The Influence of Gender and Race in Fostering Innovation in Engineering Teams
Effective Years: 2018-2024
The study examines how the interaction of diversity and engineering team dynamics impact innovation in the workplace. The investigators apply the Categorization Elaboration Model (CEM) to investigate why simply including women or racial/ethnic minorities on engineering teams does not lead automatically to greater innovation. The model reconciles the inconsistent literature on team diversity and team performance and addresses the fundamental question of when and how team diversity can have a positive relationship with various indicators of performance such as creativity, innovation, team effectiveness, and performance. The study adds to the research literature by explicitly linking types of team diversity with innovation; simultaneously examining team dynamics, team microclimate, and team cognition to highlight factors that facilitate or impede innovation in diverse teams; adding temporal elements by collecting data over a two-year period; and examining the diversity-innovation process among teams of working engineers in the field. Investigators will use variables such as the value, radicalness, and number of a development team?s patents in emergent technologies. The research findings will influence organizational practices within engineering firms by identifying specific team dynamics and microclimates that facilitate innovation goal achievement by diverse teams.

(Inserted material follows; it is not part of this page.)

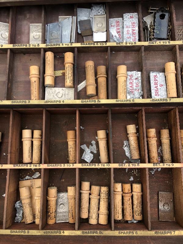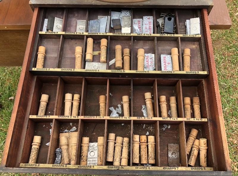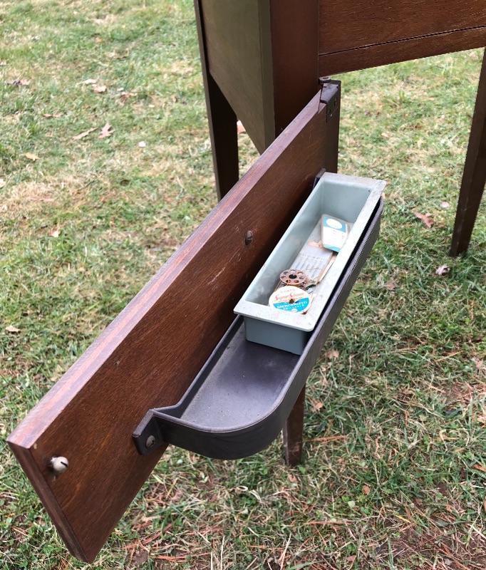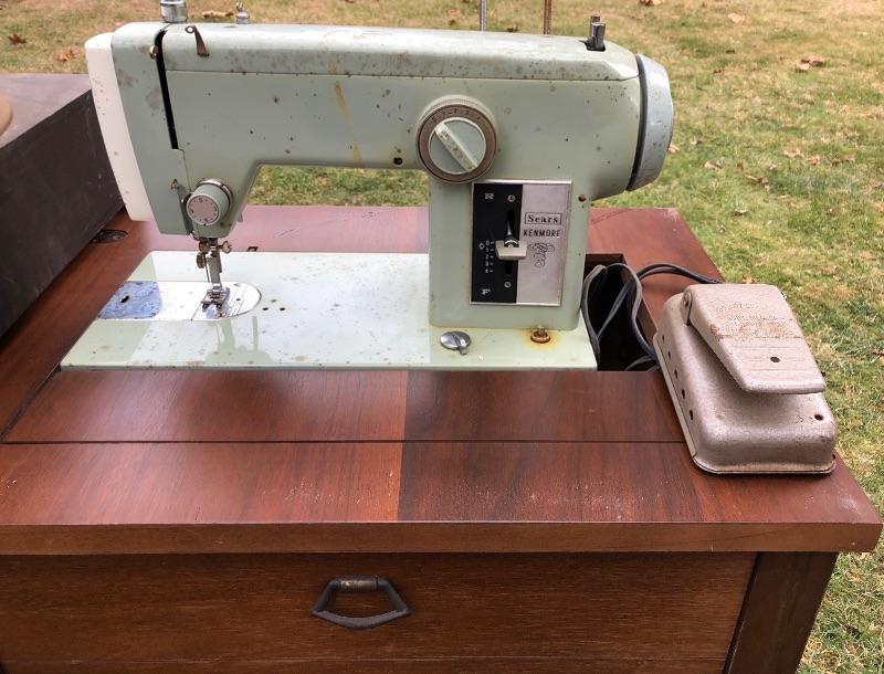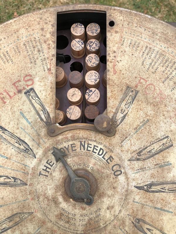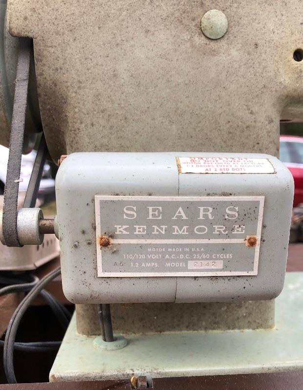 Vintage Sears Kenmore Sewing Machine Model 2142 with table. 23” L x 18” W x 31” H. Antique Boyle Needle Co. parts case for store display. 18” L x 20” W x 9” H. The rotating case is filled with NOS parts as well as the storage drawer in the back. Please see measurements, and all pictures for condition. Thank you for looking and have fun bidding.
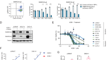 SHQ1 regulation of MYC gene splicing and expression is important for T-ALL cell survival. a MYC minigene splicing was analyzed in 293T cells expressing control (Ctrl) or SHQ1 shRNA (sh1 or sh2) (top), and also in 293T cells expressing SHQ1 or empty vector in the presence of DMSO or GSI (Compound E, 1 μM) (bottom). Semi-quantitative RT-PCR was performed to analyze unspliced and spliced RNA. Splicing efficiency was calculated and shown as the ratio of spliced verse total RNA. b Schematic of MYC gene with three exons and two introns. Specific primer sets were designed to amplify pre-mRNA (E1–I1 and E2–I2) and mature mRNA (E1–E2 and E2–E3) (left). Endogenous MYC pre-mRNA and mature mRNA in HPB-ALL were analyzed by qPCR (right). Blue, red, or purple bars represent indicated RNA quantifications in control shRNA, SHQ1 shRNA-1, or -2-expressing cells. c Representative immunohistological images of MYC in spleen sections from mice bearing sgSHQ1-JURKAT cells injected with or without doxycycline (Fig. 4d). Scale bar, 50 μm. Histological stain was quantified using ImageJ and plotted on the right. d Immunoblots of SHQ1 and MYC in GFP+ cells from 3 fetal liver HSPC transplant samples in Fig. 5d. e HPB-ALL cells were infected with lentiviruses expressing control (Ctrl, blue) or SHQ1 shRNA (sh2, purple). Glucose uptake and lactate secretion were examined 4 days post infection, normalized to the same number of live cells. f Analysis of MYC target genes implicated in glycolysis by qPCR and immunoblots in control or SHQ1-deficient HPB-ALL cells 4 days post infection. Blue or purple bars represent indicated RNA quantifications in control shRNA, SHQ1 shRNA-2-expressing cells. g SHQ1 inducible-knockout JURKAT cells were overexpressed with MYC or blank control. Cell death was analyzed and quantified with (purple) or without (blue) doxycycline (Dox, 1 μg ml−1). h Cell growth was assessed using murine T-ALL T6E and 8946 cells. T6E cells were infected with MSCV-shControl (Ctrl, black), MSCV-shmSHQ1 (shmSHQ1, blue), MSCV-shControl-MYC (MYC OE+Ctrl, red), or MSCV-shmSHQ1-MYC (MYC OE+shmSHQ1, purple) as denoted. Sorted GFP+ cells were used for cell growth analysis (left). In all, 8946 cells were infected with MSCV-shControl (Ctrl) or MSCV-shmSHQ1 (shmSHQ1). Sorted GFP+ cells were subjected to doxycycline treatment (1 μg ml−1) to suppress human MYC transgene expression (MYC off+Ctrl, red; MYC off+shmSHQ1, purple), with PBS treatment as a control (Ctrl, black; shmSHQ1, blue), followed by cell growth analysis (right). Data shown represent the means (±SEM) of three biological replicates; *p < 0.05, **p < 0.01, ***p < 0.001; n.s. non-significant, unpaired t-test (b, c, e, f, g, h)

The project is a large scale quantitative survey linking team diversity and team dynamics to team performance and metrics of innovation, primarily patents. The study will collect data from 5,234 engineering alumni who participated in a prior NSF funded longitudinal study about contextual barriers that impact persistence in engineering careers. It will investigate four research questions: (1) What conditions must be in place to facilitate/hinder demographically and informationally diverse teams to produce innovative solutions? (2) What are the underlying mechanisms by which demographically and informationally diverse teams produce innovative solutions? (3) What are the underlying mechanisms that explain the relationship between demographically and informationally diverse teams, information, discussion process, and innovation? and (4) How do these processes vary over the study period of two years? The CEM hypothesizes that it is not direct relationships between gender and racially diverse teams and innovation but factors within the team and team dynamics that influence the relationship between diversity and innovation. The investigators will use hierarchical linear regression, mediation analysis, and ANOVA to test the six hypotheses.

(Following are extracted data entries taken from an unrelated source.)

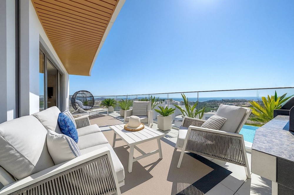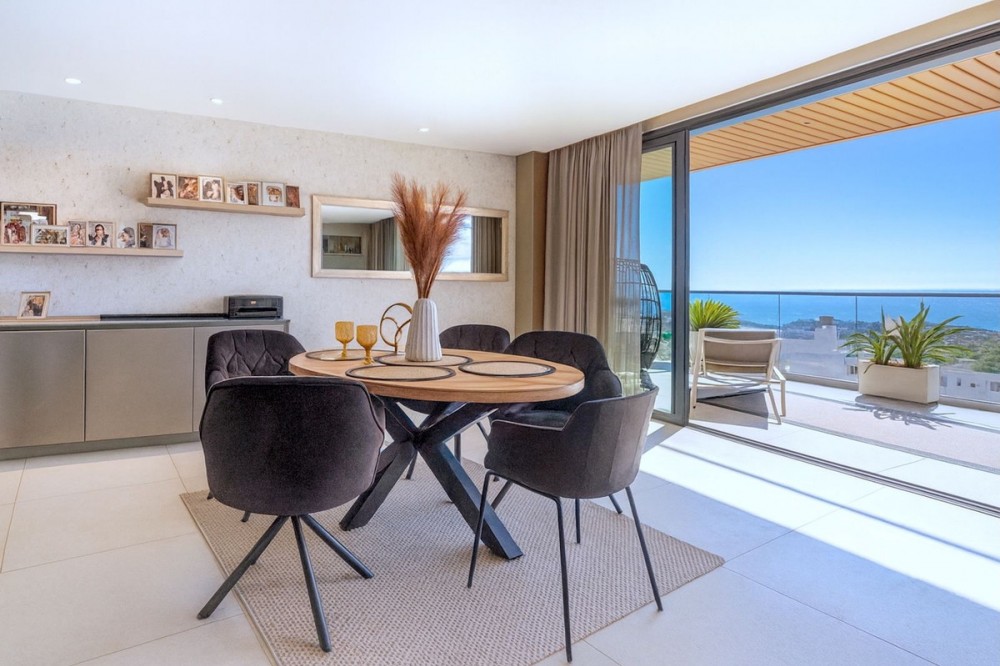 - Spectacular 3 bedrooms apartment with panoramic views of the sea facing the Calanova Golf Course. The property is located in the middle of the complex, it enjoys fantastic views and privacy. It has a large living-dining room, an equipped open-plan kitchen, 3 bedrooms with 3 en-suite bathrooms and a guest toilet. 2 parking spaces are included with direct elevator access and a large storage room. This property is designed using the best construction materials and the most modern technology on the market. It has hot/cold air conditioning controlled by the best Air Zone home automation control system, underfloor heating throughout the interior area, LED lighting, designer kitchen with NEFF appliances, dressing areas in the bedrooms and large porcelain floors. This amazing urbanization has the best common areas on the Costa del Sol, owners can enjoy an HD Home Cinema with the latest image and sound technology, gym, Premium wine cellar, social club, business centre and a complete SPA which includes a thermal area, Jacuzzi, sauna, Turkish bath and hydro massage showers. For those who like life outside, they can enjoy 2 outdoor pools, one of them infinity type with panoramic views of the sea; the other with a bar area and beach edge. It is a closed complex with a concierge service and security control with 24-hour surveillance cameras.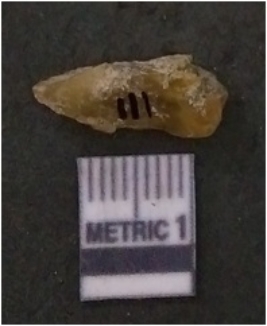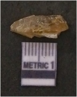 | Description / विवरण | It is chalcedony flake, translucent in appearance. The piece shows sharp pointed ends and flake scars on the surface as a result of flaking. The piece shows a bulb of percussion. |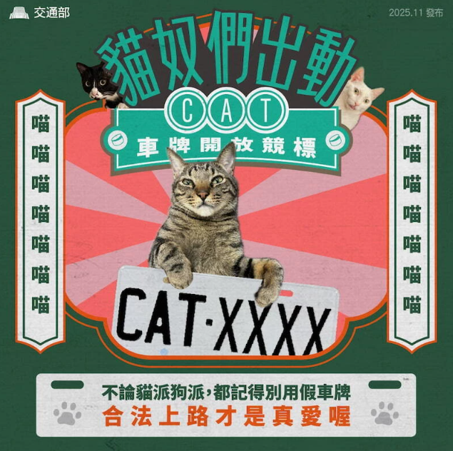 臺灣車牌競標市場近日再度掀起熱潮,被視為「貓奴夢幻神牌」的 CAT 系列車牌於 12 日正式落槌。其中焦點中的焦點——「CAT-8888」以 57 萬 6000 元高價決標,不僅成功擠進「臺灣最貴車牌前十名」榜單,更刷新基隆監理站同號車牌歷史新高。短短競標期間內,CAT-8888 共吸引高達 130 次出價,熱度之高可說是近年少見,也讓該車牌成為今年最具話題的標售王。

The project is supported by the ECR program that emphasizes fundamental STEM education research that generates foundational knowledge in the field. Investments are made in critical areas that are essential, broad and enduring: STEM learning and STEM learning environments, broadening participation in STEM, and STEM workforce development. ECR supports the accumulation of robust evidence to inform efforts to understand, build theory to explain, and suggest intervention and innovations to address persistent challenges in STEM interest, education, learning and participation.
This award reflects NSF's statutory mission and has been deemed worthy of support through evaluation using the Foundation's intellectual merit and broader impacts review criteria.